Moreover, we found no difference in 3‐year mortality when patients were stratified by year of diagnosis. The lack of improvement in outcomes over time speaks to the disease severity of this population and the extremely poor prognosis despite novel treatments. Patients with AL amyloidosis presenting to a cardiologist with heart failure symptoms have not been studied by current chemotherapeutic regimens. There is a need for clinical trials in AL disease using novel agents in the setting of cardiac involvement.

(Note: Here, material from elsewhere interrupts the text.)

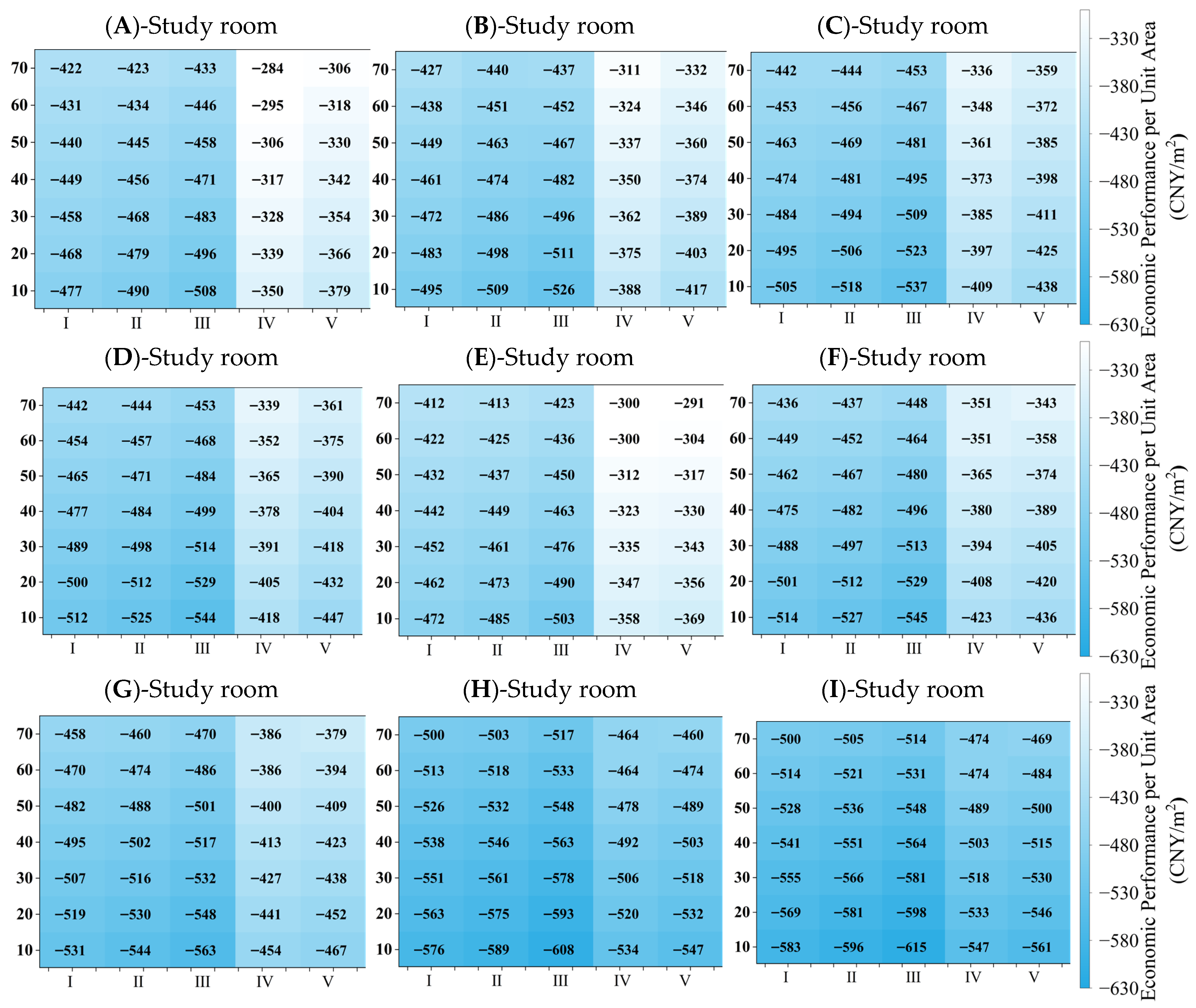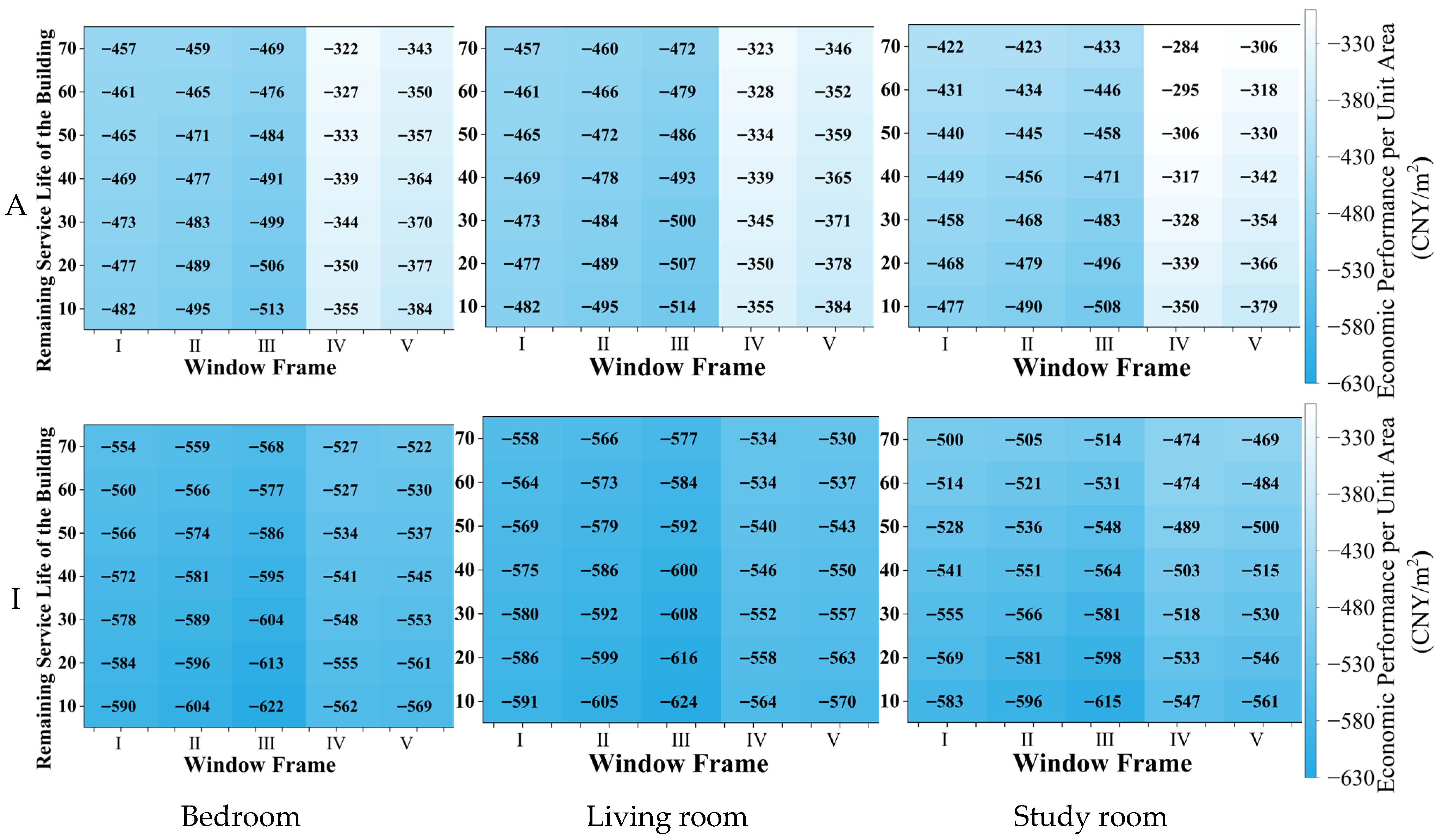 - Window retrofit measures yield only limited overall benefits under the evaluated conditions. Although window upgrades can reduce energy consumption to a certain extent, their effects are substantially weaker and less stable than those of exterior wall insulation. Under the assumed cost conditions and elderly-oriented demand profile, all evaluated window retrofit schemes remain economically unfavorable, even under long-remaining service-life scenarios.

Our study has several strengths. First, we include only patients with biopsy‐proven cardiac amyloidosis or a high clinical suspicion of cardiac involvement plus confirmation with advanced multimodality imaging and genetic testing. Prior studies used less stringent inclusion criteria, including patients with interventricular septal thickness >12 mm without a history of severe hypertension or valvular heart disease.4, 7, 8, 9, 11 This may have led to an overinclusion of lower‐risk patients thought to have amyloid cardiomyopathy. In this era of advanced multimodality imaging sensitive and specific for the diagnosis of cardiac amyloidosis, we feel that these modalities should be the minimum diagnostic standard of care in both clinical practice and research investigation. Second, we have followed patients for mortality while several previous studies have used broader composite end points including hospitalization,8 incident heart failure,7 and other major adverse cardiac events.9 In addition, we stratify patients by the presence of amyloid‐specific treatment, which was not taken into account in prior work. Patients who were subsequently treated for AL and ATTR had decreased mortality in our cohort. This is hypothesis generating in our retrospective analysis and warrants further study. Finally, we have sufficient patients and events to adequately power a multivariable prediction model.

Study Limitations

This study was retrospective in nature and conducted at a large tertiary referral center, which may introduce selection bias and limit generalizability. Assessment of baseline characteristics was done via chart review, limiting data acquisition to that which was documented. Patients may have been diagnosed at different phases of the disease (lead time bias), thus clouding the interpretation of baseline characteristics and the natural history of disease. Our study takes into account therapy for AL and ATTR; however, it does not account for changes in heart failure or amyloid‐specific therapy, which may have affected outcomes.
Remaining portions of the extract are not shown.